Peterswire: thinks the issues we're discussing will come up in many other processes
... have a proposal from Dan with some edits by Roy
... but thinks we may have bigger disagreements on non-normative text

dan: don't see too much disagreement between him/Roy on the normative text
... okay to accept roy's edits to his normative text

<Wileys> +q

<npdoty> "actions of" vs "infer information about", dan could accept either one

peterswire: can you clarify what you meant by being okay with Roy's email?

<efelten> Echoing earlier discussion, we don't have a definition of "identify"

<Wileys> By "particular" I want to be sure your goal is to isolate the "actual" user or device - and not suggesting that a unique record replacement does not meet the definition of de-identified.

dan: okay with roy's suggestion about the inferring action (did I get that right?)

<fielding> yes, I provided two choices and the summary only had the first … either is okay with me.

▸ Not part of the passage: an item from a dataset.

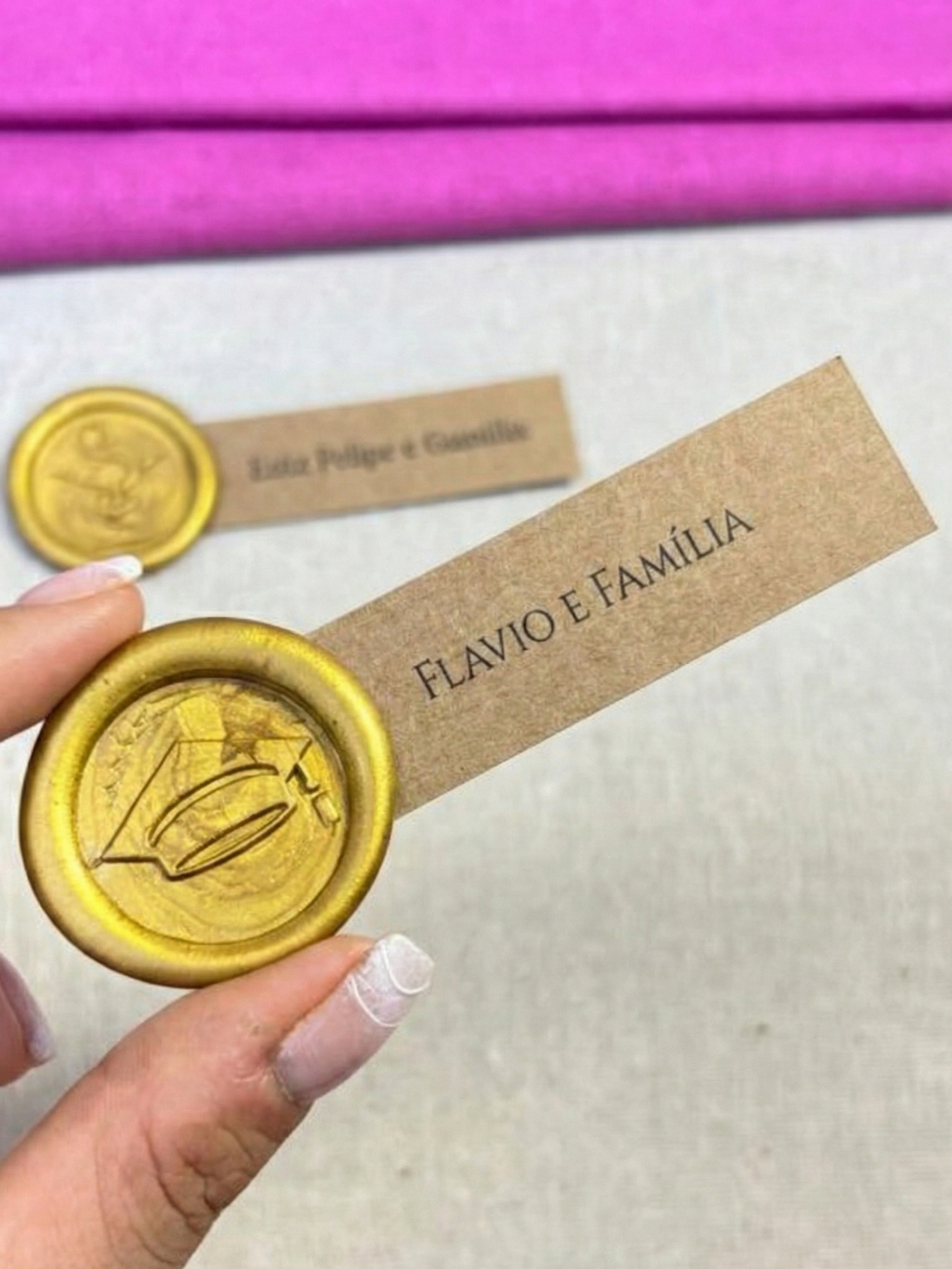 10 Tag com Nome Personalizado com Lacre de Cera para Convite de Formatura

dan: the language from Roy was to 'identify a user'
... I'm suggesting the other one Roy suggested was better
... identify an action

<npdoty> (if we can infer your name and address and gender and medical status, that wouldn't infer any actions of that user, right?)

wileys: one recommended amendment -- use the term actual instead of the word particular
... belief that there is a way that a unique record can exist (but it is de-identified)

<rigo> unique => red zone

wileys: the term particular can be interpreted in either direction

<dsinger> is the word 'specific'?

Dan: quick response is that his interpretation of the normative text is different htan how shane would interpret it

<Wileys> Thank you Dan!

Dan: but at a glance, it should be fine with him

<dsinger> i.e. the question is whether a singular, specific, particular user can be identified from the data, not whether the user is virtual or real...

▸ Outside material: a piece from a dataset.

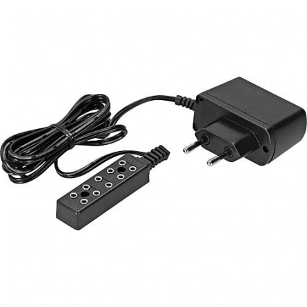 Transfo 3,2VA + 1,2VA, fiche femelle 5 sorties pour 5 ampoules de 3V5 et 3 sorties clignotantes pour ampoules, le générateur est intégré : applications feu de camp, incendie etc ...

rigo: question to wileys. in your situation, can you single out a particualr device?

<efelten> +q

wileys: when you say that, assuming you mean ________ ( missed it), the answer is no
... we can still de-identify a record for non-real time use
... but none of that would link back to a user in the real world

<fielding> “Data can be considered sufficiently de-identified if there exists a reasonable level of confidence that the data cannot be used to identify the actions of a particular user, user agent, or device.”

<efelten> -q

wileys: thats why terms like specific or particular may muddy up the language.. where actual goes after the intent

<npdoty> we could just go without an adjective "cannot reasonably be linked to a user, user agent or device"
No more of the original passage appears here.